We've had a postings in Tokyo and Shanghai....Both times the company recommended blah housing. We balked and got fantastic places by insisting the company show us more options suitable for us. It was extra work for them but still within the original budget....

We've only visited HK but saw many people with small and mid-size dogs on the Island. And there are hiking trails too. For me I would consider the Island for sure.


----------



## luluslair

We have decided to take the offer and will probably go for an initial visit in end of June. Still do not know if the apartment is suitable, but we have been offered to look elsewhere, so we will be looking at other options.


----------



## kmmm31

:0 :0  i just think that you have to know how to expend your money, what is important and what is not


----------



## Mtrliving

Finding a place allowing dogs is a challenge in the city. You may wish to move further out if you also need space. Consider also your travel cost. Travel cost in HK is relatively cheaper than other large city in the world, but it can still add up. Discovery Bay and Clear Water Bay (Sai Kung) are popular places for expat, but the travel cost and daily commute can be quite discouraging. If you are in Rome do what the Romans do as they say, and try to really live in a cosmopolitan. The convenience and life style of this city is unique; try it out.


----------



## elixir.sg

dunmovin said:


> we lived in Yau Yat Tsuen (Kowloon Tong) and then moved to the New territories (Clearwaterbay area) the housing was cheaper, the commute was 10 to 15 minutes longer, but me and the dog could walk down to Little Palm beach, me and my friend could go diving in the shallow waters or mucked around with cannoes, while his friends (all chinese) looked after the dog.

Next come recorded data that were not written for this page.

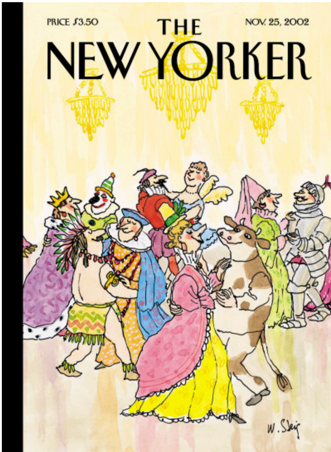
Steig's November 2002 Cover of The New Yorker

What do you notice in this busy cartoon? Does anything remind you of Shrek ? What might this cartoon be trying to say about the world?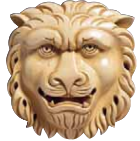
CRV5195 Lion's Head Rosette 6 1/2" x 7" x 1 1/2"

Slight variations occur during the hand carving process.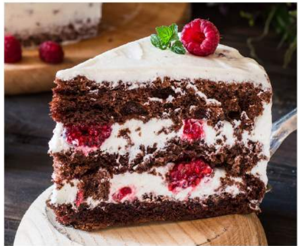
CE16 RASPBERRY CHOCOLATE Chocolate Sponge Cake, Whipped Cream, Raspberry Fruit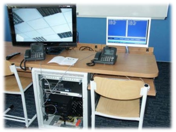
Fig. 1. Analysis of IP-based multimedia services

We must not forget about IPTV that also serves for distribution of digital television. The exercise consists in analysis of captured data packets during operation (see illustration in Fig. 1).

Later we would have a bbq, I would help them with english, they taught me cantonese.
> 
> The village is called Ng Fai Tin, it's about 5 km from Tsuen Kwan O, but 900 mts from the main road,(up a steep hill, not good for walking on a day with 35C+ and 90% humidity ) plenty of good supermarkets in the area, with good stocks of western/austalian/european foods.
> 
> If you don't want to drive, find a good taxi driver ( Mr Lee would arrive at our house, knock on the door and wait for us.... if he was not going to able to pick us up himself, he would send three other drivers, in case the other two were busy, to make sure we got to work on time)
> 
> Whatever happens, enjoy your time there. There is a lot of nice people.


Hi dunmovin,

Are there any English speaking schools in/ near Ng Fai Tin? TIA for seeing my post, look fwd for your reply.


----------



## dunmovin

elixir.sg said:


> Hi dunmovin,
> 
> Are there any English speaking schools in/ near Ng Fai Tin? TIA for seeing my post, look fwd for your reply.


I'm afraid I cannot be of much help there, as we have no children.However friends of ours sent their boys to King George V (which has a great reputation) others went to a Canadian school in Kowloon. There are kindergarten schools close to Ng Fai Tin, But having no personal knowledge, I cannot, in all honesty give advice....sorry


----------



## elixir.sg

dunmovin said:


> I'm afraid I cannot be of much help there, as we have no children.However friends of ours sent their boys to King George V (which has a great reputation) others went to a Canadian school in Kowloon. There are kindergarten schools close to Ng Fai Tin, But having no personal knowledge, I cannot, in all honesty give advice....sorry


No problem, thanks for your time though, really appreciate it. Thanks again.


----------